DAM Networks builds generative AI solutions for enterprise organisations with specific, documented operational problems. Engagements begin with a process audit before any technology is selected.

FREQUENTLY ASKED QUESTIONS

Questions about enterprise generative AI solutions

Retrieval-augmented generation combines a language model with a retrieval system that fetches relevant documents or data before generation. It is the right architecture when the system needs to answer questions grounded in specific organisational knowledge — internal policies, product documentation, historical records, customer data — rather than general knowledge the model was trained on. RAG produces answers that are traceable to source documents, which is typically required for enterprise use cases where auditability matters. It is not appropriate for tasks that require reasoning across all available organisational knowledge simultaneously, where a fine-tuned model or a structured database query is more reliable.

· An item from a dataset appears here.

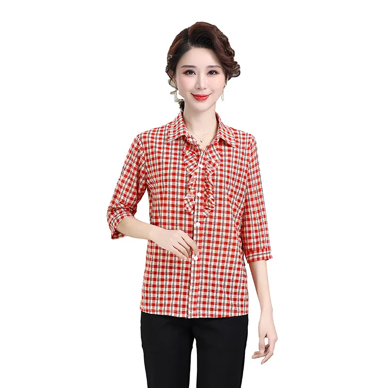 Женская Стильная блуза с полурукавом и воротником с оборками на весну и лето

Hallucination control is a system design problem, not a model tuning problem. The most effective approaches are: grounding output in retrieved source documents (RAG), constrained generation that limits the model to specific output formats, confidence scoring that flags low-certainty outputs for human review, and automated evaluation that checks outputs against factual sources before they reach the user. No approach eliminates hallucination entirely — the goal is to design the system so that hallucinations are caught before they cause consequential errors, and to make the system's uncertainty visible rather than hiding it behind confident-sounding language.

Commercial APIs (OpenAI, Anthropic, Google) deliver the highest capability at the lowest operational cost for most enterprise use cases. Open-source deployment on private infrastructure is appropriate when data cannot leave the organisation's network due to compliance requirements, when volume is high enough that per-token API pricing becomes more expensive than infrastructure cost, or when the task is specific enough that a smaller fine-tuned model outperforms a frontier API. The decision should be driven by compliance requirements, volume economics, and task specificity — not by a general preference for one deployment model over another.